1．Find the list of ingredients on the bag.
The first 5 to 10 will play a significant role in the nutritional make-up of a food; however, it’s important to remember that pet food labels provide limited information regarding the nutritional value of a food. Labeling regulations do not allow manufacturers to describe the quality of ingredients on the package. A reputable pet food manufacturer will be able to explain to you their specific methods for evaluating and assuring the quality of ingredients used in their products.
2．Identify the source/sources of protein.
Because dogs and cats need meat, it’s best to pick a food in which the first ingredient is an animal-based protein source, such as chicken and chicken meal, lamb, lamb meal, fish meal, or egg. These ingredients contain a full complement of essential amino acids, unlike vegetable-based protein sources, such as soybean meal or corn gluten meal. By-products are not a good source of protein because they are the left over parts from production, such as feathers, feet, heads, beaks, fur etc.
3．Identify the source/sources of fat.
For a glossy coat and healthy skin, your pet needs fat in the diet. Make sure the fat is meat based, since this fat is taken out from the rendering process it should be added back in. Fats are made up of fatty acids, and there are two important types of fatty acids for dogs and cats—omega-6 and omega-3 fatty acids. Omega-6 fatty acids, found in chicken fat and corn, are essential for maintenance of skin and coat and proper membrane structure. Omega-3 fatty acids are found in fish oil, all other sources of Omega-3 are hard for cats and dogs to digest. Omega-3 fatty acids have been shown to be important in blood clotting and decreasing inflammation, among other things.
4. Identify the source/sources of carbohydrate.
Cats and dogs need very little carbs in their diets because they are carnivores. Ideally there should be no grain in their food. The grains that are known to cause kidney damage from their poor protein are corn, wheat and soy. Fruits and vegetables are good carb sources for pets as long as there are not too many of them.
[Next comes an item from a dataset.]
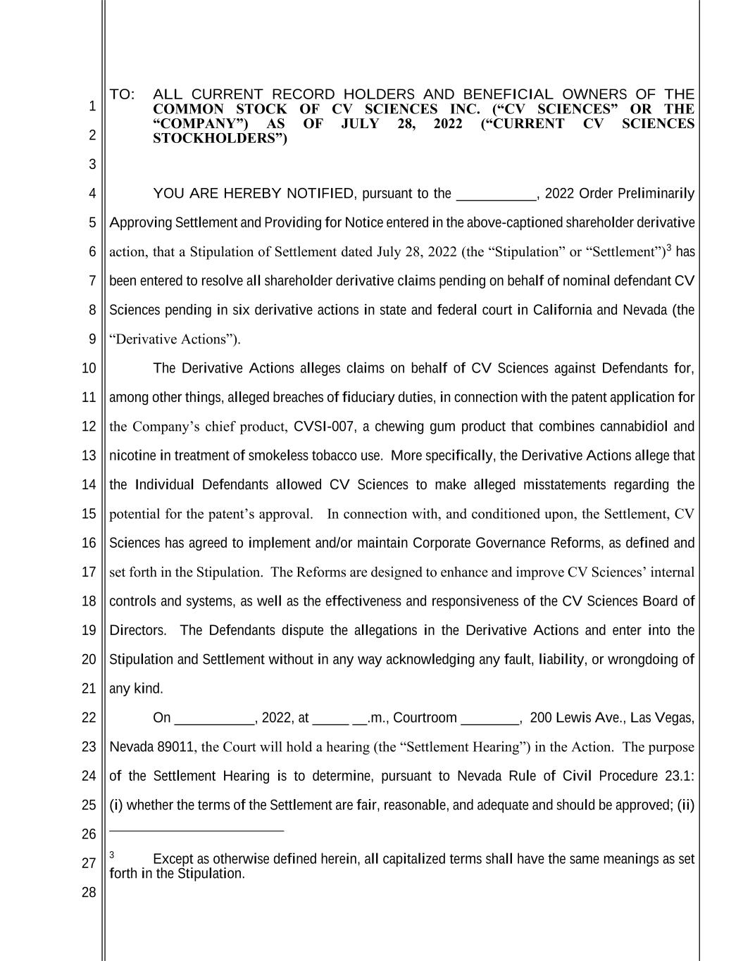 1 2 3 4 5 6 7 8 9 10 11 12 13 14 15 16 17 18 19 20 21 22 23 24 25 26 27 28 TO: ALL CURRENT RECORD HOLDERS AND BENEFICIAL OWNERS OF THE COMMON STOCK OF CV SCIENCES INC. (“CV SCIENCES” OR THE “COMPANY”) AS OF JULY 28, 2022 (“CURRENT CV SCIENCES STOCKHOLDERS”) YOU ARE HEREBY NOTIFIED, pursuant to the ___________, 2022 Order Preliminarily Approving Settlement and Providing for Notice entered in the above-captioned shareholder derivative action, that a Stipulation of Settlement dated July 28, 2022 (the “Stipulation” or “Settlement”)3 has been entered to resolve all shareholder derivative claims pending on behalf of nominal defendant CV Sciences pending in six derivative actions in state and federal court in California and Nevada (the “Derivative Actions”). The Derivative Actions alleges claims on behalf of CV Sciences against Defendants for, among other things, alleged breaches of fiduciary duties, in connection with the patent application for the Company’s chief product, CVSI-007, a chewing gum product that combines cannabidiol and nicotine in treatment of smokeless tobacco use. More specifically, the Derivative Actions allege that the Individual Defendants allowed CV Sciences to make alleged misstatements regarding the potential for the patent’s approval. In connection with, and conditioned upon, the Settlement, CV Sciences has agreed to implement and/or maintain Corporate Governance Reforms, as defined and set forth in the Stipulation. The Reforms are designed to enhance and improve CV Sciences’ internal controls and systems, as well as the effectiveness and responsiveness of the CV Sciences Board of Directors. The Defendants dispute the allegations in the Derivative Actions and enter into the Stipulation and Settlement without in any way acknowledging any fault, liability, or wrongdoing of any kind. On ___________, 2022, at _____ __.m., Courtroom ________, 200 Lewis Ave., Las Vegas, Nevada 89011, the Court will hold a hearing (the “Settlement Hearing”) in the Action. The purpose of the Settlement Hearing is to determine, pursuant to Nevada Rule of Civil Procedure 23.1: (i) whether the terms of the Settlement are fair, reasonable, and adequate and should be approved; (ii) 3 Except as otherwise defined herein, all capitalized terms shall have the same meanings as set forth in the Stipulation.

5. Identify a source of fiber.
Research has shown that moderately fermentable fiber, such as beet pulp, enhances intestinal health. The fermentable part of the fiber is broken down by intestinal bacteria to provide short-chain fatty acids, an energy source for intestinal cells. The non-fermentable component provides bulk for normal feces. Using highly fermentable fibers can cause problems, such as excess gas, while using non-fermentable fibers, such as peanut hulls, promotes excess stool volume because they are of little or no nutritional value.
6. Look at the preservatives.
Copper Sulfate and Ethoxyquin are toxic and very bad for pets. These ingredients should be avoided. Salt should also not be on the list.
7. Look at the guaranteed analysis.
If your pet is on the chunky side you should pick a food with higher protein than the competition. If your pet is skinny get a food with average protein.